■ Try it
Return every line of the data below exactly, but do not include the images.

■ Data extract
--------------------

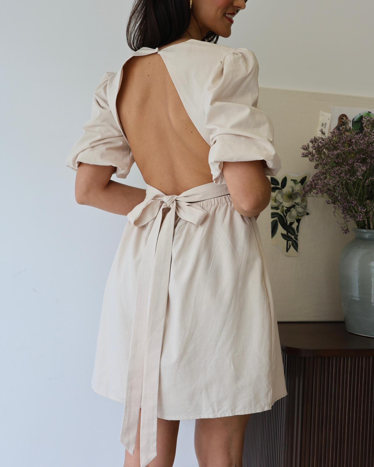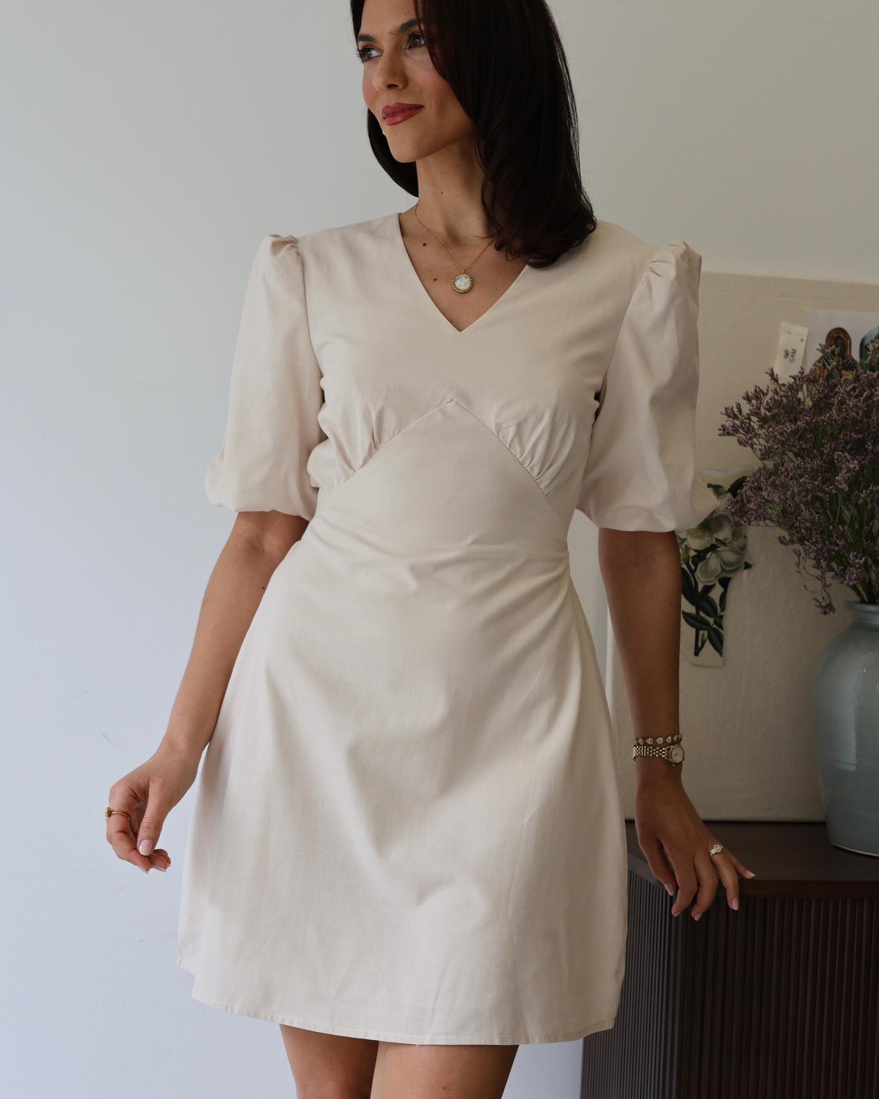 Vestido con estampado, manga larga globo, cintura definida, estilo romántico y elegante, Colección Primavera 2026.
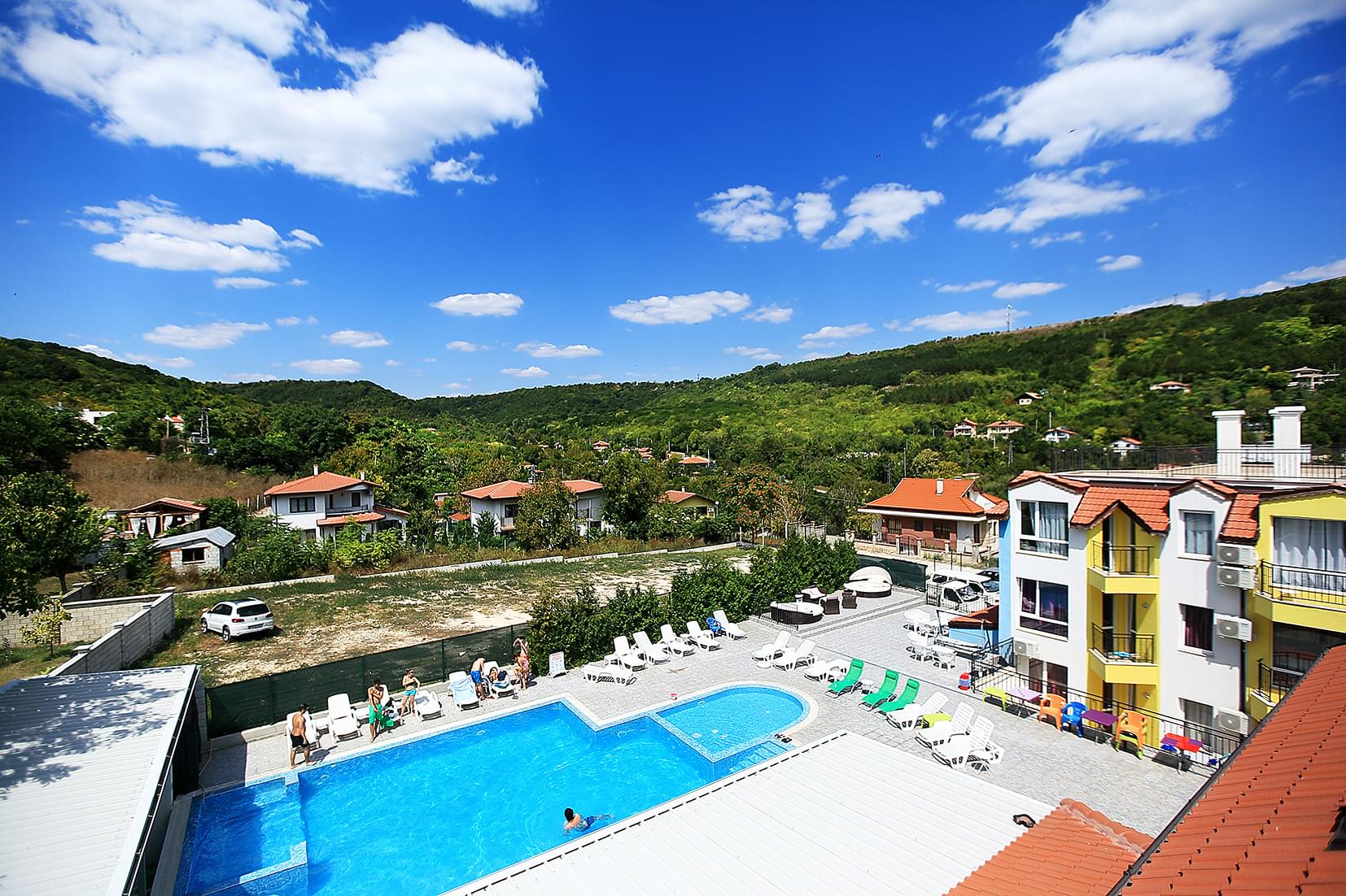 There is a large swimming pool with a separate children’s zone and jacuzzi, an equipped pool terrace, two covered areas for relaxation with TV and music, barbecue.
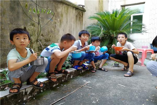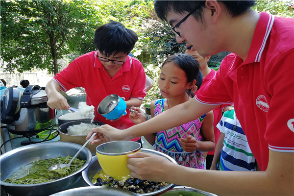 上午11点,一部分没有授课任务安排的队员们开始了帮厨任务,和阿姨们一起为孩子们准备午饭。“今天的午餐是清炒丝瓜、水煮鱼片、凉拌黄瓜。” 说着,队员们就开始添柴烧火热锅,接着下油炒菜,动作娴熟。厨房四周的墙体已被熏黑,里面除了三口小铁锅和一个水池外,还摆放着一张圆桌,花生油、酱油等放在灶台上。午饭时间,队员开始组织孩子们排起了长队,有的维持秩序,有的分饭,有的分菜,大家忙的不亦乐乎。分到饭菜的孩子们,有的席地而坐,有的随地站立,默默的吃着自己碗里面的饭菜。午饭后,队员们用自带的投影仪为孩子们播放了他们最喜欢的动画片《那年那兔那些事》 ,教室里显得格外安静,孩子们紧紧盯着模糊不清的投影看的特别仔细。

--------------------

■ Exercise output
 Vestido con estampado, manga larga globo, cintura definida, estilo romántico y elegante, Colección Primavera 2026.
 There is a large swimming pool with a separate children’s zone and jacuzzi, an equipped pool terrace, two covered areas for relaxation with TV and music, barbecue.
 上午11点,一部分没有授课任务安排的队员们开始了帮厨任务,和阿姨们一起为孩子们准备午饭。“今天的午餐是清炒丝瓜、水煮鱼片、凉拌黄瓜。” 说着,队员们就开始添柴烧火热锅,接着下油炒菜,动作娴熟。厨房四周的墙体已被熏黑,里面除了三口小铁锅和一个水池外,还摆放着一张圆桌,花生油、酱油等放在灶台上。午饭时间,队员开始组织孩子们排起了长队,有的维持秩序,有的分饭,有的分菜,大家忙的不亦乐乎。分到饭菜的孩子们,有的席地而坐,有的随地站立,默默的吃着自己碗里面的饭菜。午饭后,队员们用自带的投影仪为孩子们播放了他们最喜欢的动画片《那年那兔那些事》 ,教室里显得格外安静,孩子们紧紧盯着模糊不清的投影看的特别仔细。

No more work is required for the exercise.